Stored entries:
#####
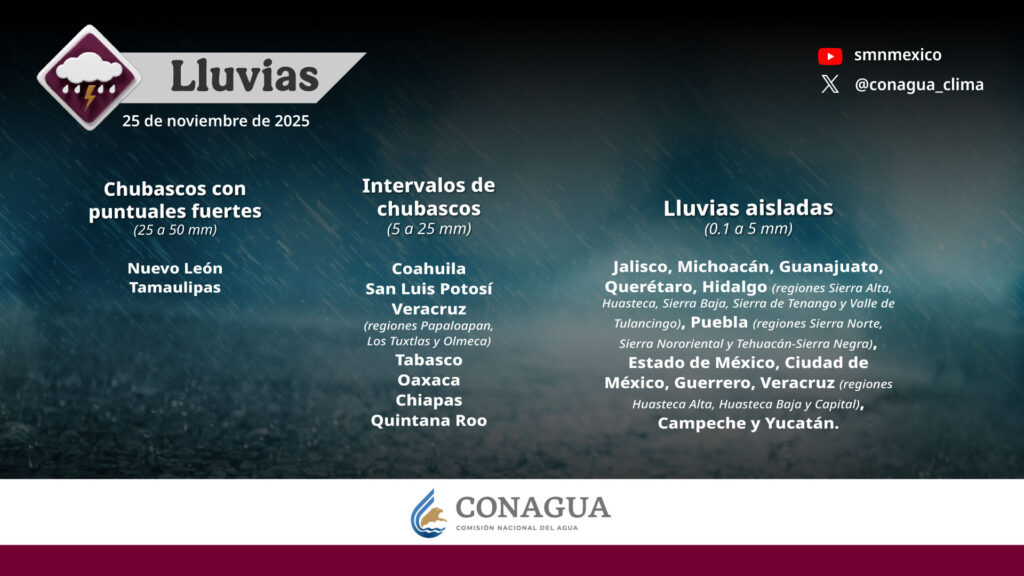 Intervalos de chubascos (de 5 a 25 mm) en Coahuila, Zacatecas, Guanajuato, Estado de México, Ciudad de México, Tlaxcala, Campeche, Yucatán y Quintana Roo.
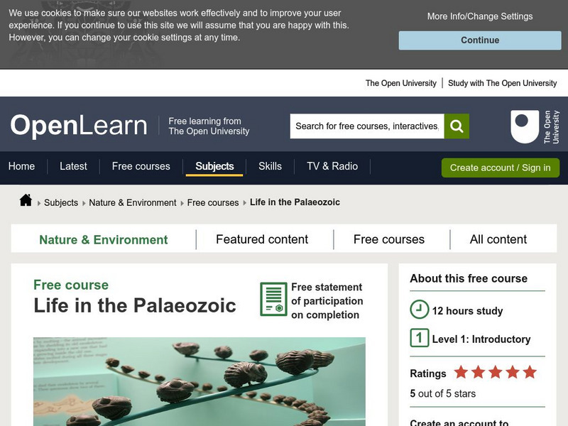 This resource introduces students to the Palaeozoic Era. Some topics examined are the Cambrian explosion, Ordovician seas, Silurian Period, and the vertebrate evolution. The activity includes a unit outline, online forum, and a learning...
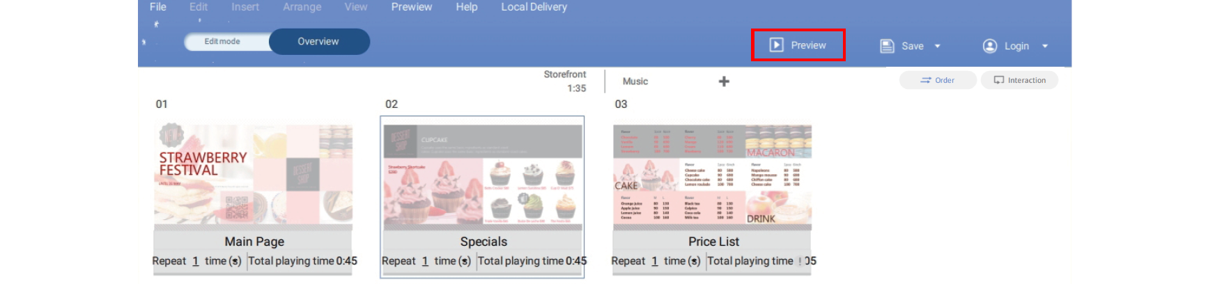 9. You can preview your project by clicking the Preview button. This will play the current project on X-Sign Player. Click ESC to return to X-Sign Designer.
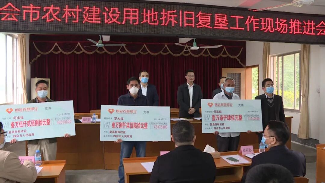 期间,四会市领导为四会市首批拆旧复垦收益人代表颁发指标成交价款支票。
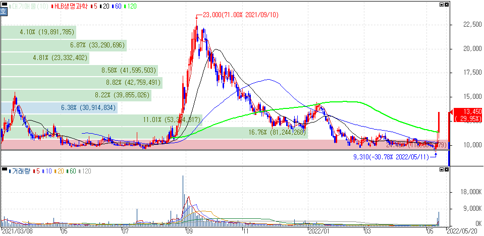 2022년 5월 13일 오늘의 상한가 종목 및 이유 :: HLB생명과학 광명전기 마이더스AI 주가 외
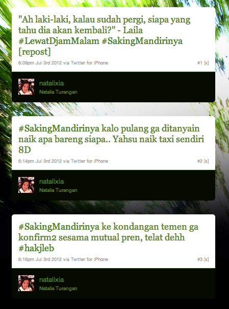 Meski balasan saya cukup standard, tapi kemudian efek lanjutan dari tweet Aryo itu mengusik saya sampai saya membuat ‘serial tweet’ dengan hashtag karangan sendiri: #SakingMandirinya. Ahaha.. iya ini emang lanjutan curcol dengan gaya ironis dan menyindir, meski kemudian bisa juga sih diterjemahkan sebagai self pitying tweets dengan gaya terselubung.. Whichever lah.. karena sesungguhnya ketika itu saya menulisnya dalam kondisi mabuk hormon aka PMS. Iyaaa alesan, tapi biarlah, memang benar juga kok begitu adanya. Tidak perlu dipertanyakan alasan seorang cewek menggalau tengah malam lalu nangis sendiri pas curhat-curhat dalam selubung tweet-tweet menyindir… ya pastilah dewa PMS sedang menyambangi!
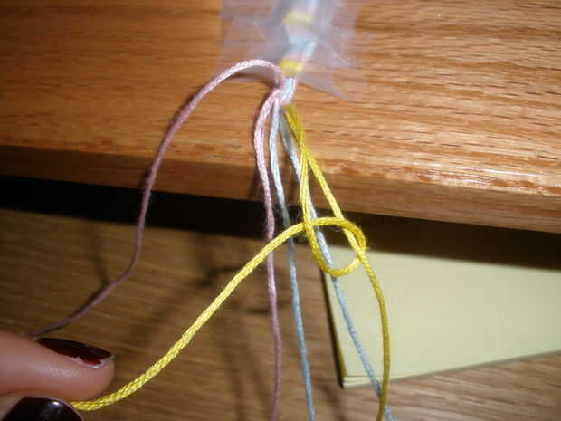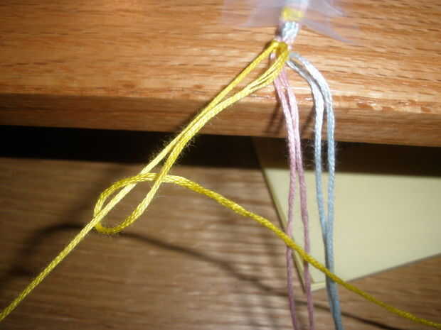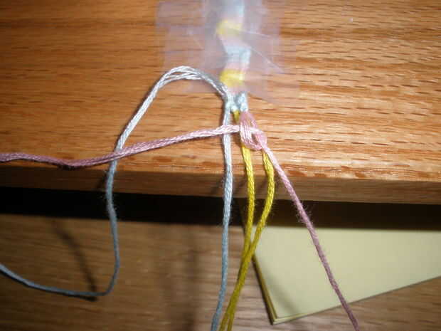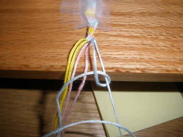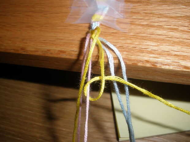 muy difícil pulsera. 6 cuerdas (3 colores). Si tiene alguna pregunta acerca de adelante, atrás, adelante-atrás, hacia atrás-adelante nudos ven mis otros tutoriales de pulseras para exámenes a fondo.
#####
### EXERCISE
All entries must come back exactly as written, though without their pictures.

### ANSWER
 Intervalos de chubascos (de 5 a 25 mm) en Coahuila, Zacatecas, Guanajuato, Estado de México, Ciudad de México, Tlaxcala, Campeche, Yucatán y Quintana Roo.
 This resource introduces students to the Palaeozoic Era. Some topics examined are the Cambrian explosion, Ordovician seas, Silurian Period, and the vertebrate evolution. The activity includes a unit outline, online forum, and a learning...
 9. You can preview your project by clicking the Preview button. This will play the current project on X-Sign Player. Click ESC to return to X-Sign Designer.
 期间,四会市领导为四会市首批拆旧复垦收益人代表颁发指标成交价款支票。
 2022년 5월 13일 오늘의 상한가 종목 및 이유 :: HLB생명과학 광명전기 마이더스AI 주가 외
 Meski balasan saya cukup standard, tapi kemudian efek lanjutan dari tweet Aryo itu mengusik saya sampai saya membuat ‘serial tweet’ dengan hashtag karangan sendiri: #SakingMandirinya. Ahaha.. iya ini emang lanjutan curcol dengan gaya ironis dan menyindir, meski kemudian bisa juga sih diterjemahkan sebagai self pitying tweets dengan gaya terselubung.. Whichever lah.. karena sesungguhnya ketika itu saya menulisnya dalam kondisi mabuk hormon aka PMS. Iyaaa alesan, tapi biarlah, memang benar juga kok begitu adanya. Tidak perlu dipertanyakan alasan seorang cewek menggalau tengah malam lalu nangis sendiri pas curhat-curhat dalam selubung tweet-tweet menyindir… ya pastilah dewa PMS sedang menyambangi!
 muy difícil pulsera. 6 cuerdas (3 colores). Si tiene alguna pregunta acerca de adelante, atrás, adelante-atrás, hacia atrás-adelante nudos ven mis otros tutoriales de pulseras para exámenes a fondo.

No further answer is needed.